Conservación y Congelación

Este bowl de quinoa negra y garbanzos crujientes se conserva bien en la nevera durante 2-3 días si lo guardas en un recipiente hermético. Para mantener los garbanzos crujientes, guárdalos por separado de la quinoa y la vinagreta, y mézclalos justo antes de consumir. Si deseas congelarlo, hazlo solo con la quinoa cocida (hasta 1 mes), ya que los garbanzos crujientes perderán su textura al descongelarse. La vinagreta de granadilla puede prepararse con antelación y guardarse en la nevera hasta 5 días en un frasco de vidrio. Evita congelar la vinagreta, ya que la pulpa de granadilla puede separarse y perder su consistencia original.
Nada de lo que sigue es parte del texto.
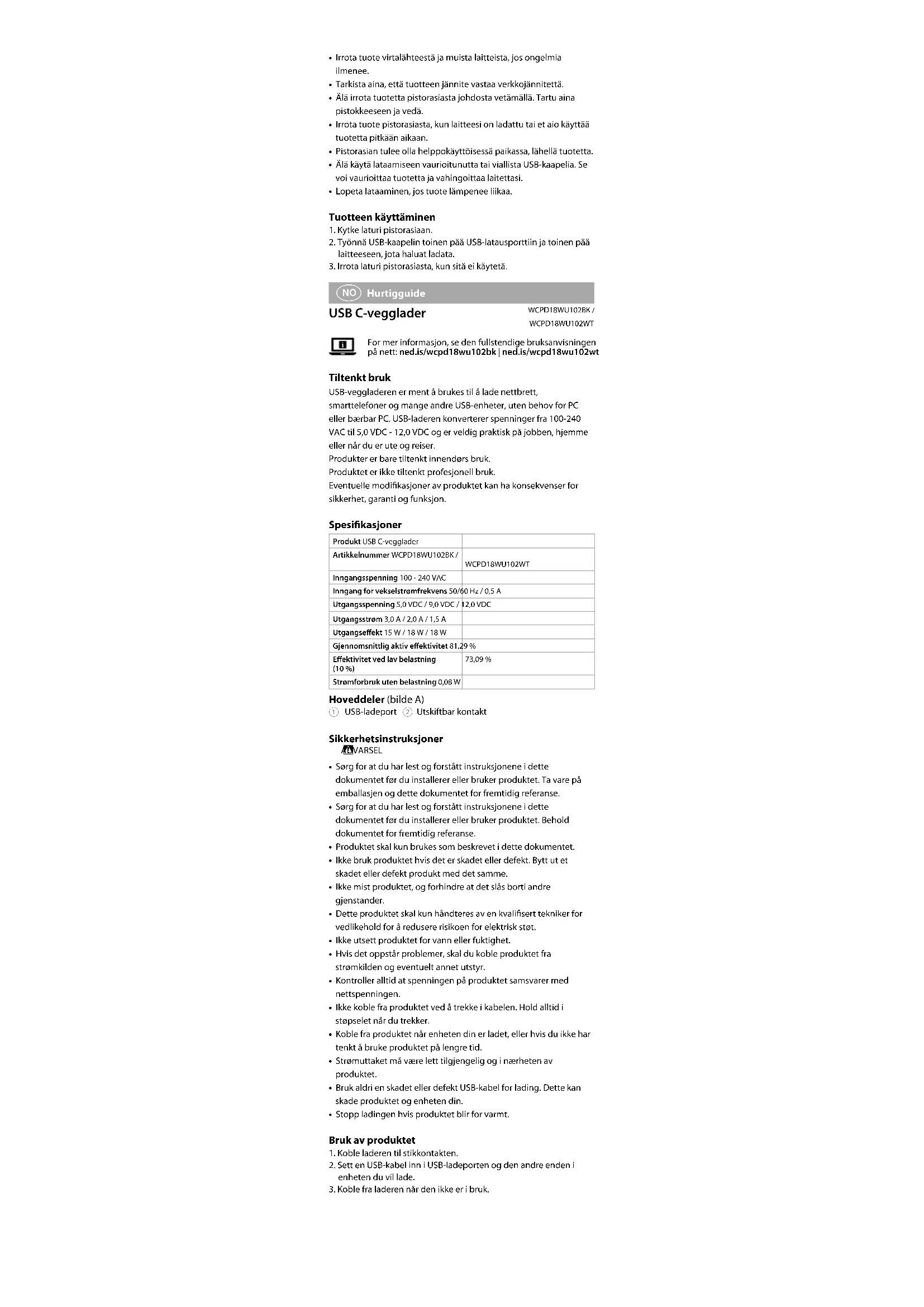 Yderligere oplysninger ndes i den udvidede manual online: ned.is/wcpd18wu102bk | ned.is/wcpd18wu102wt Tilsigtet brug USB-vægopladeren er beregnet til at oplade tablets, smartphones og mange andre USB-enheder, uden brug for en PC eller bærbar computer. USB-opladeren omdanner spændinger fra 100 til 240 V AC til 5,0 V DC - 12,0 VDC og er meget praktisk på kontorer, derhjemme eller under rejser. Produktet er kun beregnet til indendørs brug. Dette produkt er ikke beregnet til professionel brug. Enhver modicering af produktet kan have konsekvenser for sikkerhed, garanti og korrekt funktion. Specikationer Produkt USB-C-vægopladerVarenummer WCPD18WU102BK / WCPD18WU102WTIndgangsspænding 100 - 240 VACInput AC-frekvens 50/60 Hz / 0,5 AUdgangsspænding 5,0 V DC / 9,0 V DC / 12,0 V DCUdgangsstrøm 3,0 A / 2,0 A / 1,5 AUdgangsstrøm 15 W / 18 W / 18 WGennemsnitlig aktiv frekvens 81,29 %Eektivitet ved lav belastning (10 %)73,09 %Strømforbrug ved tomgang 0,08 W Hoveddele (billede A) 1 USB-opladerport 2 Udskifteligt stik Sikkerhedsinstruktioner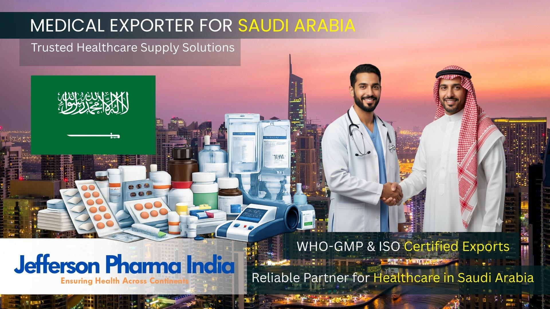 Jefferson Pharma India is a trusted exporter of pharmaceutical and medical products to Saudi Arabia, supporting hospitals, clinics, distributors, and humanitarian organizations across the Kingdom.

Preguntas Frecuentes (FAQ)

¿Puedo usar garbanzos enlatados?

Sí, los garbanzos enlatados son una opción válida. Asegúrate de escurrirlos y secarlos muy bien antes de hornear para que queden crujientes.

¿Cómo puedo hacer esta receta en airfryer?

Puedes cocinar los garbanzos en la airfryer a 180°C durante 15-20 minutos, removiéndolos cada 5 minutos para que se doren uniformemente.

¿La vinagreta de granadilla se puede usar en otros platos?

¡Por supuesto! Esta vinagreta es versátil y combina muy bien con ensaladas de hoja verde, pesados a la parrilla o incluso como marinado para verduras asadas.